_Work instructions:_ Before you reproduce the entries that follow, strip out any image they contain and keep the rest exact.

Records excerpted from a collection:
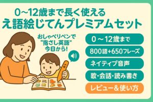 | 目的/年齢 | 小学えいご絵じてん800(本品) | えいご絵じてんプレミアム(0–12歳) | Super Simple Songs Vol.1 | Goomies English for Kids |
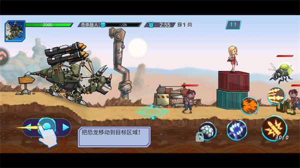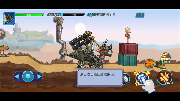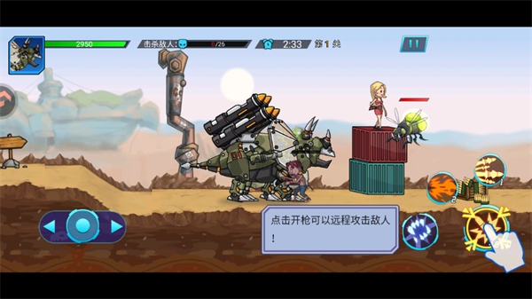 战斗里的操作,左手拇指搓那个虚拟摇杆控制走位,这套东西老玩家应该都知道,闭着眼都会。任务就是一路往前推,沿途找那些不长眼的敌人,清完图,进入下一关。
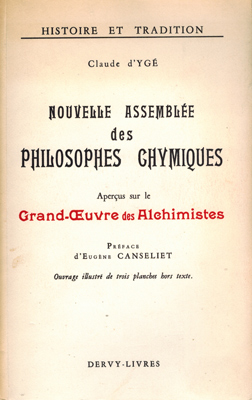 D’Yge, Claude: Nouvelle assemblée des philosophes chymiques. Aperçus sur le grand-Œuvre des Alchimistes. Dervy-Livres, Paris 1972. Gr.-8°. Ouvrage illustré de trois planches hors texte. Préface d’Eugène Canseliet. 233 S., 2 Bl., 1 (w) OKarton.
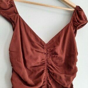 WILFRED Aritzia Veda Ruched Mini Dress Burgundy Brown Sz 6
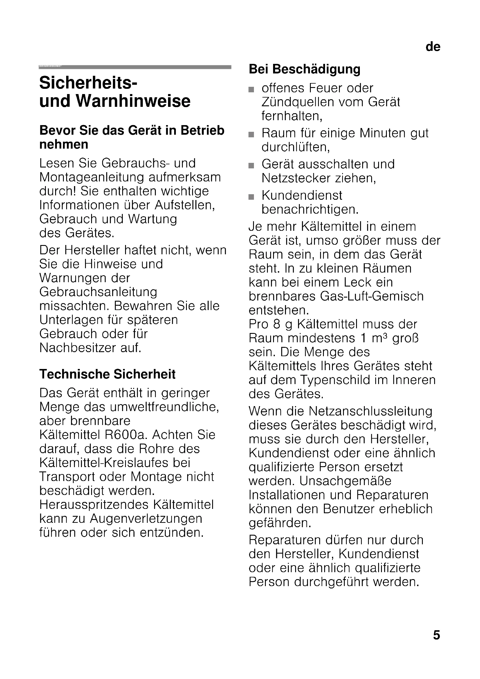 deInhaltsverzeichnis deGebrauchsanleitung Sicherheits- und Warnhinweise Bevor Sie das Gerät in Betrieb nehmen Lesen Sie Gebrauchs- und Montageanleitung aufmerksam durch! Sie enthalten wichtige Informationen über Aufstellen, Gebrauch und Wartung des Gerätes. Der Hersteller haftet nicht, wenn Sie die Hinweise und Warnungen der Gebrauchsanleitung missachten. Bewahren Sie alle Unterlagen für späteren Gebrauch oder für Nachbesitzer auf. Technische Sicherheit Das Gerät enthält in geringer Menge das umweltfreundliche, aber brennbare Kältemittel R600a. Achten Sie darauf, dass die Rohre des Kältemittel-Kreislaufes bei Transport oder Montage nicht beschädigt werden. Herausspritzendes Kältemittel kann zu Augenverletzungen führen oder sich entzünden. Bei Beschädigung ■ offenes Feuer oder Zündquellen vom Gerät fernhalten, ■ Raum für einige Minuten gut durchlüften, ■ Gerät ausschalten und Netzstecker ziehen, ■ Kundendienst benachrichtigen. Je mehr Kältemittel in einem Gerät ist, umso größer muss der Raum sein, in dem das Gerät steht. In zu kleinen Räumen kann bei einem Leck ein brennbares Gas-Luft-Gemisch entstehen. Pro 8 g Kältemittel muss der Raum mindestens 1 m³ groß sein. Die Menge des Kältemittels Ihres Gerätes steht auf dem Typenschild im Inneren des Gerätes. Wenn die Netzanschlussleitung dieses Gerätes beschädigt wird, muss sie durch den Hersteller, Kundendienst oder eine ähnlich qualifizierte Person ersetzt werden. Unsachgemäße Installationen und Reparaturen können den Benutzer erheblich gefährden. Reparaturen dürfen nur durch den Hersteller, Kundendienst oder eine ähnlich qualifizierte Person durchgeführt werden.de

_Answer box:_
 | 目的/年齢 | 小学えいご絵じてん800(本品) | えいご絵じてんプレミアム(0–12歳) | Super Simple Songs Vol.1 | Goomies English for Kids |
 战斗里的操作,左手拇指搓那个虚拟摇杆控制走位,这套东西老玩家应该都知道,闭着眼都会。任务就是一路往前推,沿途找那些不长眼的敌人,清完图,进入下一关。
 D’Yge, Claude: Nouvelle assemblée des philosophes chymiques. Aperçus sur le grand-Œuvre des Alchimistes. Dervy-Livres, Paris 1972. Gr.-8°. Ouvrage illustré de trois planches hors texte. Préface d’Eugène Canseliet. 233 S., 2 Bl., 1 (w) OKarton.
 WILFRED Aritzia Veda Ruched Mini Dress Burgundy Brown Sz 6
 deInhaltsverzeichnis deGebrauchsanleitung Sicherheits- und Warnhinweise Bevor Sie das Gerät in Betrieb nehmen Lesen Sie Gebrauchs- und Montageanleitung aufmerksam durch! Sie enthalten wichtige Informationen über Aufstellen, Gebrauch und Wartung des Gerätes. Der Hersteller haftet nicht, wenn Sie die Hinweise und Warnungen der Gebrauchsanleitung missachten. Bewahren Sie alle Unterlagen für späteren Gebrauch oder für Nachbesitzer auf. Technische Sicherheit Das Gerät enthält in geringer Menge das umweltfreundliche, aber brennbare Kältemittel R600a. Achten Sie darauf, dass die Rohre des Kältemittel-Kreislaufes bei Transport oder Montage nicht beschädigt werden. Herausspritzendes Kältemittel kann zu Augenverletzungen führen oder sich entzünden. Bei Beschädigung ■ offenes Feuer oder Zündquellen vom Gerät fernhalten, ■ Raum für einige Minuten gut durchlüften, ■ Gerät ausschalten und Netzstecker ziehen, ■ Kundendienst benachrichtigen. Je mehr Kältemittel in einem Gerät ist, umso größer muss der Raum sein, in dem das Gerät steht. In zu kleinen Räumen kann bei einem Leck ein brennbares Gas-Luft-Gemisch entstehen. Pro 8 g Kältemittel muss der Raum mindestens 1 m³ groß sein. Die Menge des Kältemittels Ihres Gerätes steht auf dem Typenschild im Inneren des Gerätes. Wenn die Netzanschlussleitung dieses Gerätes beschädigt wird, muss sie durch den Hersteller, Kundendienst oder eine ähnlich qualifizierte Person ersetzt werden. Unsachgemäße Installationen und Reparaturen können den Benutzer erheblich gefährden. Reparaturen dürfen nur durch den Hersteller, Kundendienst oder eine ähnlich qualifizierte Person durchgeführt werden.de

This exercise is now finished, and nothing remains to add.